The issue of extinction debt has been discussed in many papers (e.g.21,22,23) and we will not revisit it here. Instead, here we discuss how the countryside species-area-relationship provides a framework to project short-term species extinctions that take into account species persistence in the matrix and the non-linearity of species extinctions with sampling scale. Short-term projections may underestimate the long-term consequences of habitat loss but are perhaps more consistent with policy relevant time scales.

The countryside species-area relationship

The classic SAR only captures the species richness response to changes in native habitat area, overlooking the diversity of species responses to changes in habitat composition. In order to address this problem Pereira and Daily24 proposed the countryside SAR. Although there have been other SAR models trying to account for the response of biodiversity to different habitat types10,25,26, the countryside SAR model is the only one that accounts for the differential use of habitats by different species groups. In the countryside SAR, the richness of each species group i, S i , is given by a function of the area of each habitat j in the landscape,

$${S}_{i}({A}_{1},{A}_{2},\ldots ,{A}_{n})=\,{c}_{i}{(\sum _{j=1}^{n}{h}_{ij}{A}_{j})}^{z},$$
(2)

where n is the number of habitat types, h ij is the affinity of the species group i to habitat j, A j the area of habitat j, and c i measures the relative local abundance of each species group i. Then, the total number of species in the landscape, S, is given by the sum of all species groups. For simplicity, we use a power function to describe the countryside SAR (equation (2)) as this is the model typically used to predict species extinctions by area reduction, but whether other functions better describe the shape of the countryside SAR at different sampling scales is still an open question27,28,29.

Consider a single functional group (i.e. dropping the subscript i in equation (2)) and only two habitats, native (j = 1) and modified habitat (j = 2). Then, if an area a of a landscape of size A is converted, the fraction of species extinctions is

$$\varepsilon (a)=\frac{S(A,0)-S(A-a,a)}{S(A,0)}=1-\,{(\frac{{h}_{1}(A-a)+{h}_{2}a}{{h}_{1}A})}^{z}.$$
(3)

The countryside SAR predicts that some species always remain in the landscape (as long as \({h}_{2} > 0\)). The proportion of species remaining will depend on their affinity to the human-modified habitats, h 2. The countryside SAR describes the relationship between species richness and habitat area better than the classic SAR, both at local28,30 and regional scales31, and it also projects species extinctions more accurately32.

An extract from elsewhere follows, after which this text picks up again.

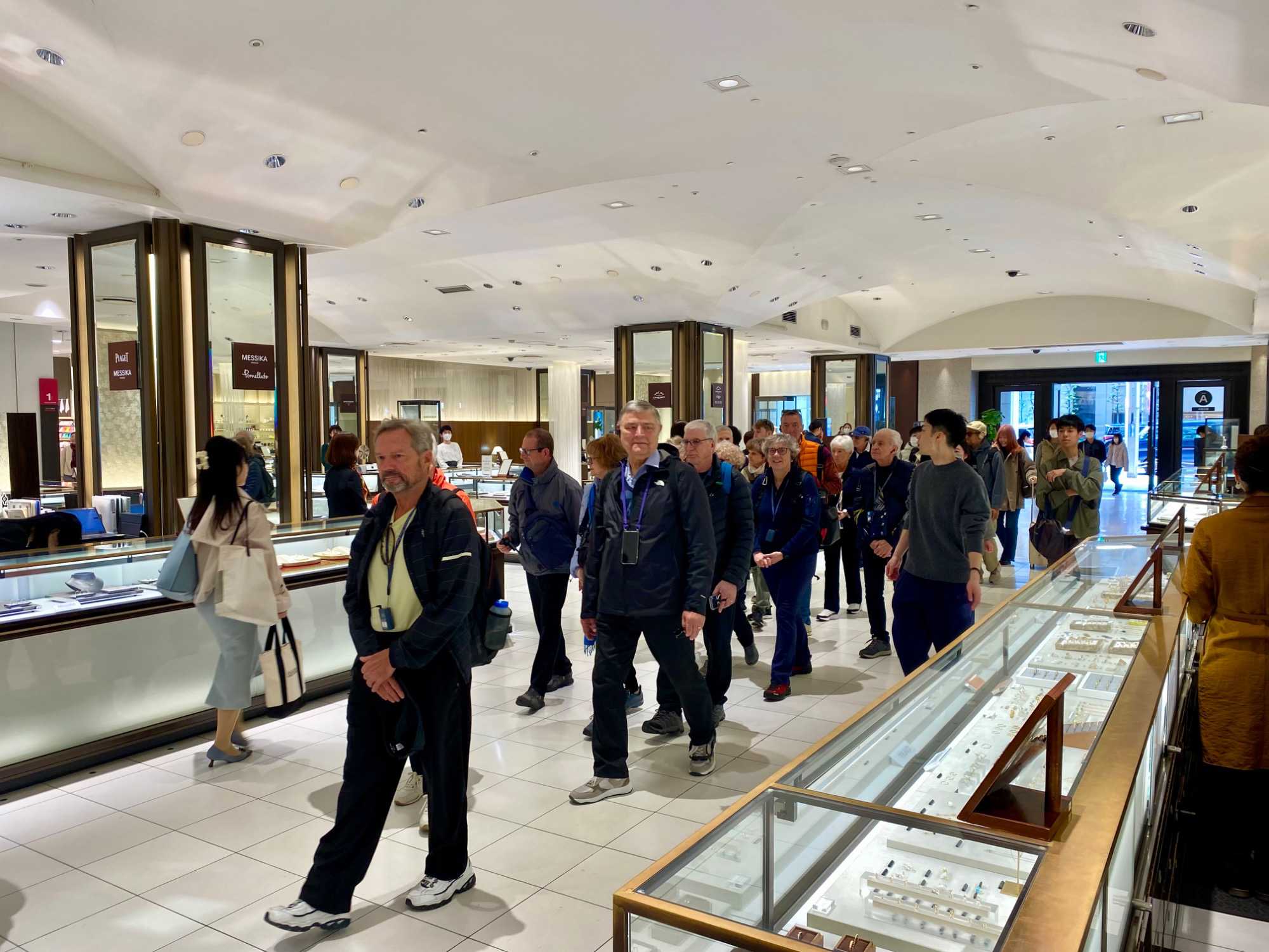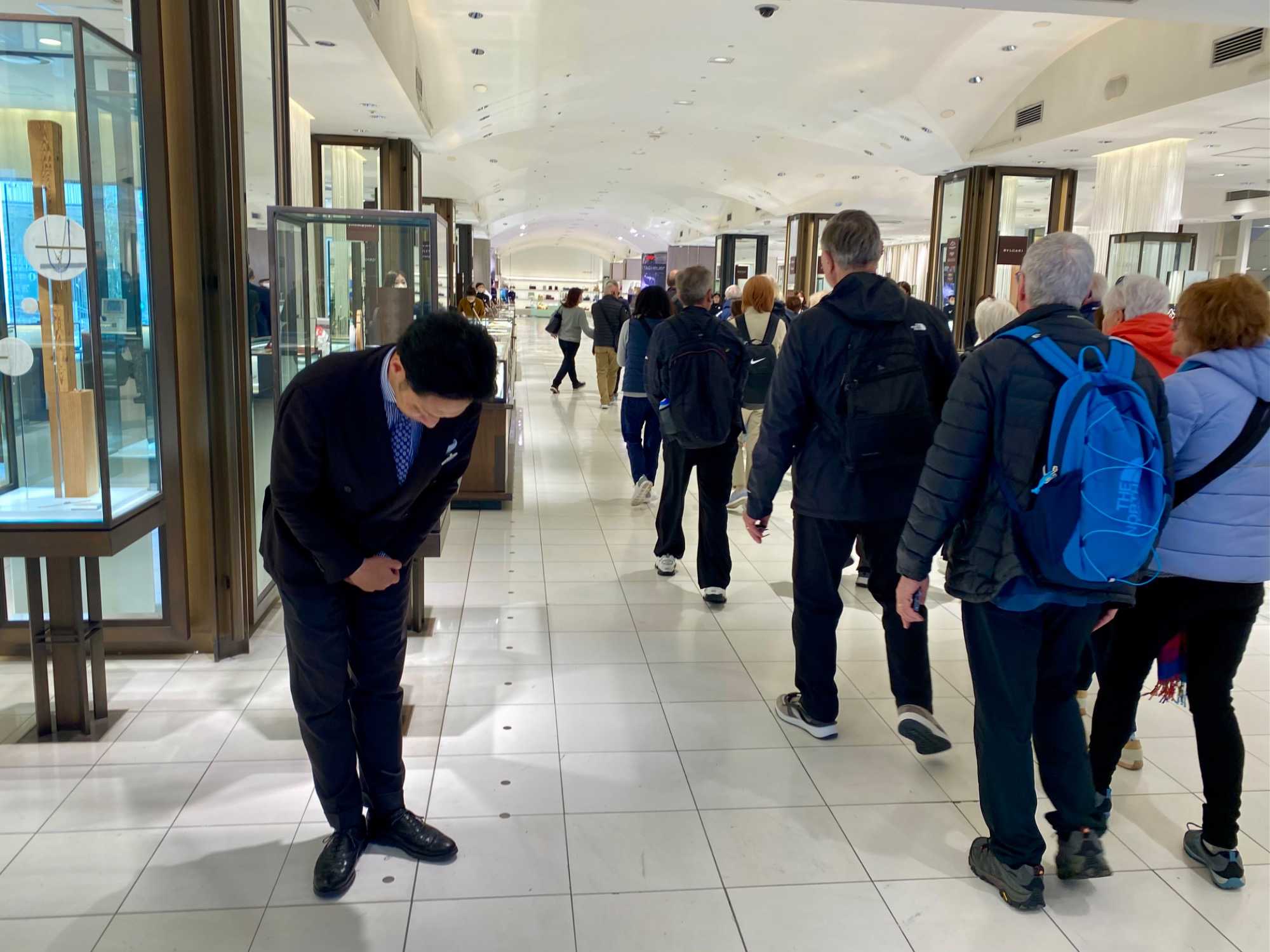 Nous débutons notre excursion par assister à l’inauguration solennelle de Mitsukoshi-Isetan qui est un véritable spectacle, où l’ouverture des portes devient un moment d’incursion dans la tradition japonaise. C’est un grand magasin emblématique situé à Shinjuku.

Estimating the affinity of biodiversity to human-modified landscapes

A key parameter of the countryside SAR is the affinity of species to each habitat, h j . Affinity values can be estimated from local data studies (i.e. studies carried out at plot size scale). Let σ j represent the sensitivity10 of species to the full conversion of native habitat into the modified habitat j, i.e. the proportion of species disappearing at the plot-scale in modified habitats:

$${\sigma }_{j}=1-\frac{S(j)}{S(1)},$$
(4)

where S(1) and S(j) represent species richness at the plot scale in the native and modified habitat of type j, respectively. Note that \({\sigma }_{j}\) equals ε (equation (3)) at the plot scale when the native habitat is fully converted to habitat j (i.e. a = A). It can be shown that \({h}_{j}={(1-{\sigma }_{j})}^{1/z}\)32, since affinities and sensitivities are related (see Supplementary Note). A fully hostile modified habitat where all species go extinct corresponds to a sensitivity of one, while a fully hospitable modified habitat corresponds to a sensitivity of zero. It is also possible to have a negative sensitivity when the modified habitat has higher species richness than the native habitat (e.g. exotic species colonize the modified habitat).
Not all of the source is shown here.